Hopefully Dorsey’s convictions will be strong enough to head off his Trust and Safety Team’s polite suggestions to start fact-checking and labeling inflation claims like his. He feels strongly about monetary sovereignty; it’s like his one thing. But he’s clashed with them publicly before and got overruled. Maybe Twitter gets a phone call strongly encouraging them to start countering economic misinformation. And Twitter is just one platform. Others could very well start massaging opinions on rising prices with their own bags of tricks. We can’t count on centralized platforms to protect our abilities to speak freely about inflation.

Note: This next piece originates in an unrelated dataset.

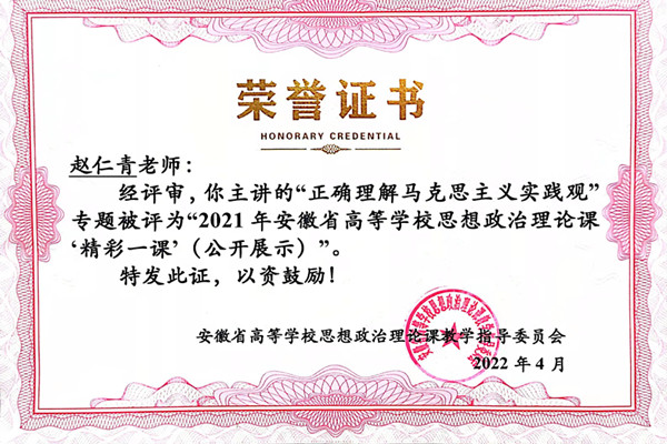近日,从安徽省高校思政课教学指导委员会获悉,我校马克思主义学院赵仁青老师主讲的《正确理解马克思主义实践观》被遴选进入省教育厅“三全育人”提升计划50个“精彩一课”立项项目,并顺利入围安徽省智慧思政课教学平台10个公开展示专题。

It’s good to start planning ahead. The technologist Balaji Srinivasan has started a $100k bounty for a censorship-resistant inflation dashboard that could accurately report prices through future monetary headwinds. It would be decentralized, which means that anyone could contribute price data and no one could shut it down or remove information that certain people don’t like. If built, we won’t have to fear that the government can easily snuff out independent economic data. Government economists could pull down whatever datasets they usually maintain, as states often do in inflationary events. This kind of system would provide a much-needed private backup.

The massaging of public opinion in response to perceived government failures has by now become something of a meme. First, it’s not happening. Then, it’s happening, but only temporarily. Then it’s happening because of Bad People and you’d better not contribute. Finally, it’s happening to you, and that’s A Good Thing. Depending on where you look, you can find some version of all of these narratives.

But rising prices affects everyone in a very immediate and material way, unlike some other political footballs. And it’s often a key procyclical indicator of establishment collapse. The stakes here are high, so the attempted controls on discourse may be more desperate. Keep an eye out.